### REQUIRED WORK
Lower down are entries containing pictures. Copy exactly, without those pictures, the lines from the line with "Gói thầu: Cung" through the line with "The blue coral".
:: SUPPLIED DATA ::
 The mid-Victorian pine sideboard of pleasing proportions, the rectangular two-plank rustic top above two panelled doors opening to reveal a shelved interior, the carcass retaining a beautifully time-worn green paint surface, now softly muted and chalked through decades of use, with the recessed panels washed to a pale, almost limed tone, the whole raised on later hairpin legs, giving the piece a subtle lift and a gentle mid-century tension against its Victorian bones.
:::
:: SUPPLIED DATA ::
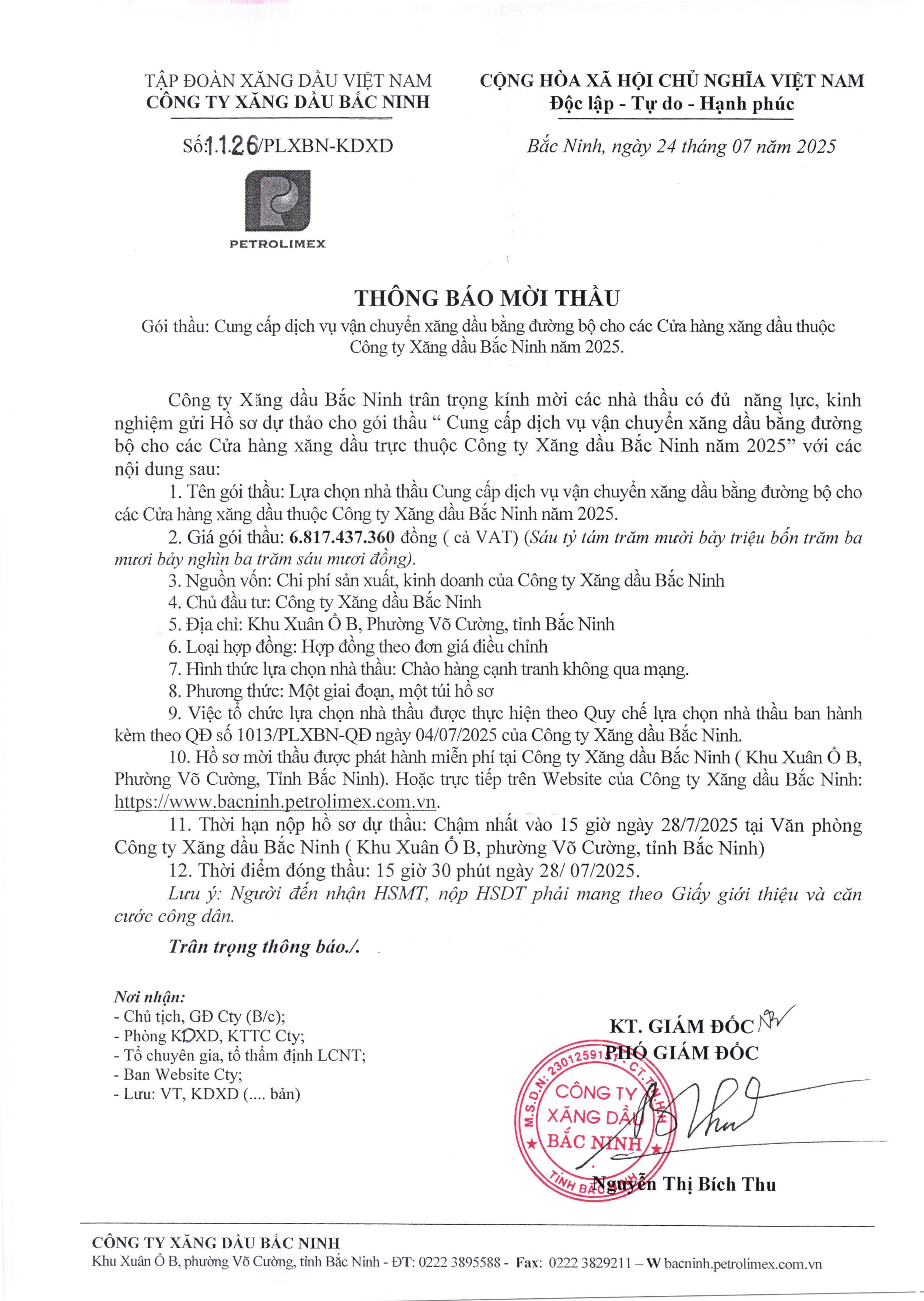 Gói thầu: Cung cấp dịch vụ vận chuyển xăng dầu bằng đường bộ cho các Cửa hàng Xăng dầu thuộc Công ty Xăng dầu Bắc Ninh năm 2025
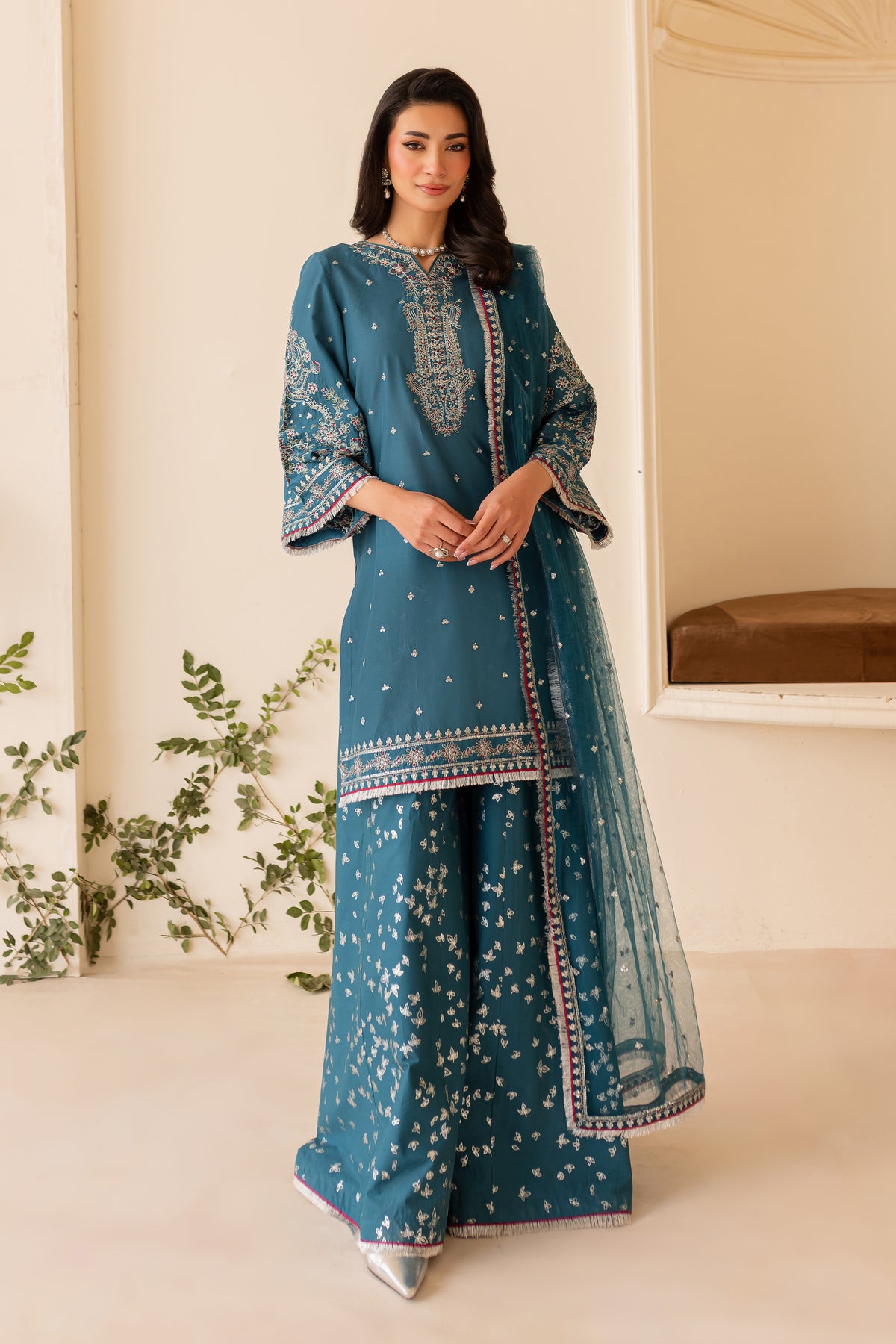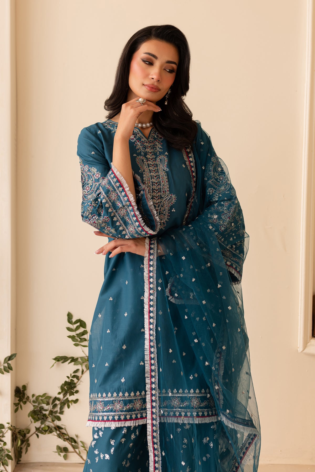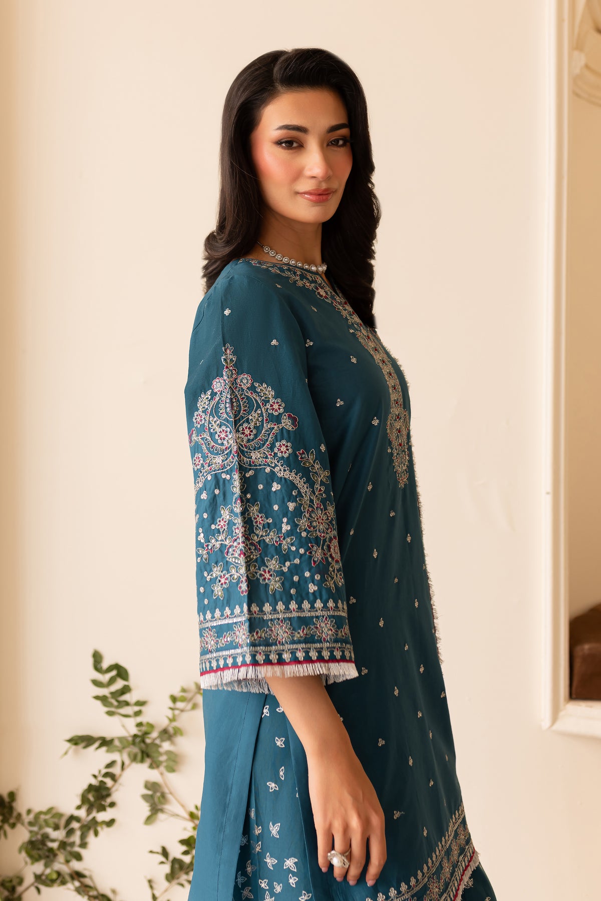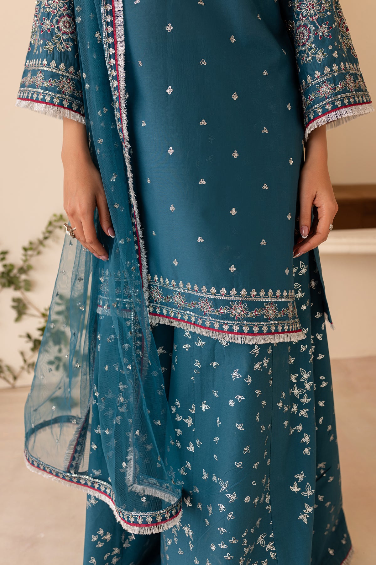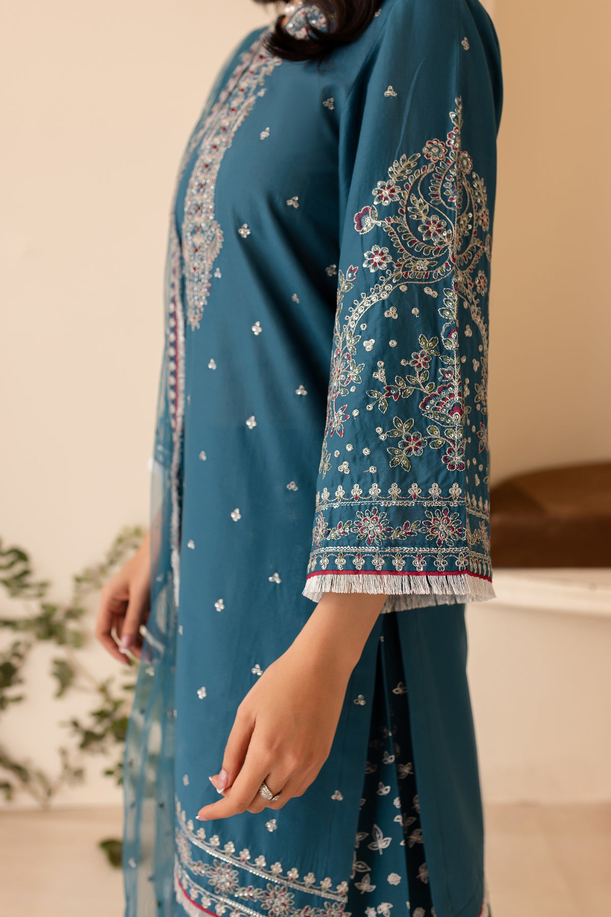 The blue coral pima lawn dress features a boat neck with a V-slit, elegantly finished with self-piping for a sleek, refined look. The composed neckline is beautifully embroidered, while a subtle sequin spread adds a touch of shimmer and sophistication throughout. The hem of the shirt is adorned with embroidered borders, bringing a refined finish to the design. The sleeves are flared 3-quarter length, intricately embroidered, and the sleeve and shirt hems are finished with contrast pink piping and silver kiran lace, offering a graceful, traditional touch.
:::
### EXERCISE RESPONSE
 Gói thầu: Cung cấp dịch vụ vận chuyển xăng dầu bằng đường bộ cho các Cửa hàng Xăng dầu thuộc Công ty Xăng dầu Bắc Ninh năm 2025
 The blue coral pima lawn dress features a boat neck with a V-slit, elegantly finished with self-piping for a sleek, refined look. The composed neckline is beautifully embroidered, while a subtle sequin spread adds a touch of shimmer and sophistication throughout. The hem of the shirt is adorned with embroidered borders, bringing a refined finish to the design. The sleeves are flared 3-quarter length, intricately embroidered, and the sleeve and shirt hems are finished with contrast pink piping and silver kiran lace, offering a graceful, traditional touch.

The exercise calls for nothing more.